UltraVan Back on the road

So hey, now we’re on the road, look at that! it’s really hard to describe with pictures and text how gorgeous the view out of this big ol’ Egg actually is. There’s nearly nothing in the way of your field of view as you drive. You can see the entire landscape ahead and to the sides. It’s outstanding. Rear visibility is akin to trying to parallel park a drunk water buffalo, but man that forward view is to die for! Literally. The front crumple zones are your knees. Probably your ankles. Defiantly femurs.

UltraVan's mirrors

The view out of the RVs mirrors is somewhat iffy. They’re mostly plastic and mounted to thin aluminum skin with a single contact point. They wobble like a fat lady on one of those 1920’s weight loss machines that’s just a giant electric motor and belt that tries to literally shake the fat clear off your body. I’m noticing in this picture the sky is hazing over. The closer I got to The Great Northwet the more cloudy and gray things became.
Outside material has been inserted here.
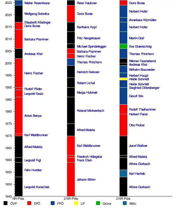 - ↑ Präsidium des Nationalrats. Informationen über das Präsidium und die Präsidialkonferenz des Nationalrats auf der Website des österreichischen Parlaments, abgerufen am 24. Oktober 2024. Hierzu: Wahl und politische Praxis.
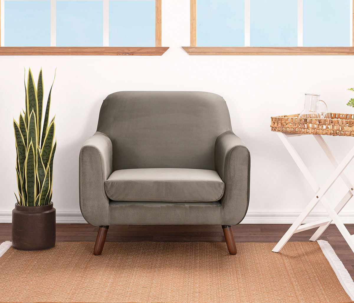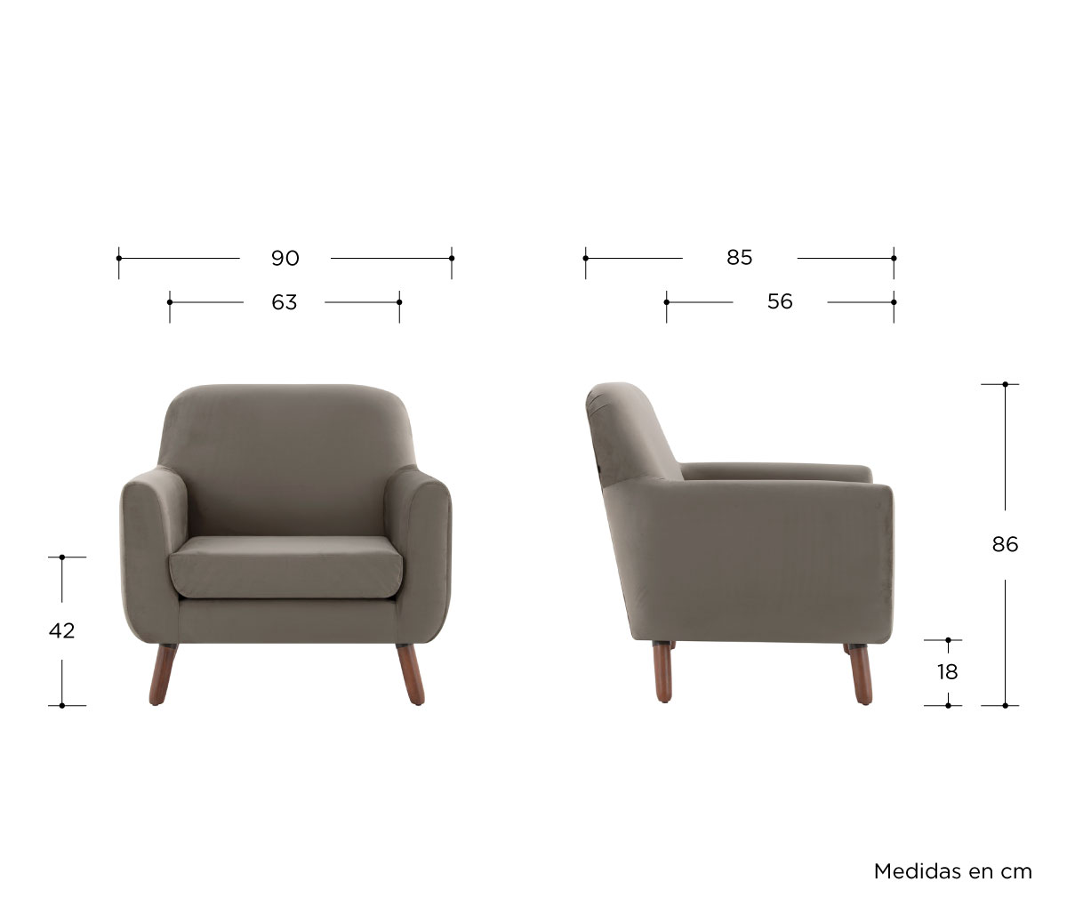 Sillón Jitotol terciopelo pata Nogal - Taupe

I figured now was a good time to check my wipers to make sure they still worked, so I pulled over and promptly forgot to check the wipers till I was back on the road getting rained on.

Fueling the UltraVan

Overall the gas stops were somewhat infrequent. I tended to stop more simply because the fuel gauge was…spotty. It also fogged over at altitude on the passes so I just sorta assumed there was fuel in there. I forget what the total was for fuel but I went on a full tank from Weed California (at the top edge) over the Siskiyou Pass which peaks at 4,310 ft above ocean and to Portland Oregon and still have gas in the tank. I would find out once home that something rather important was massively out of adjustment and my fuel mileage could have probably been a lot better.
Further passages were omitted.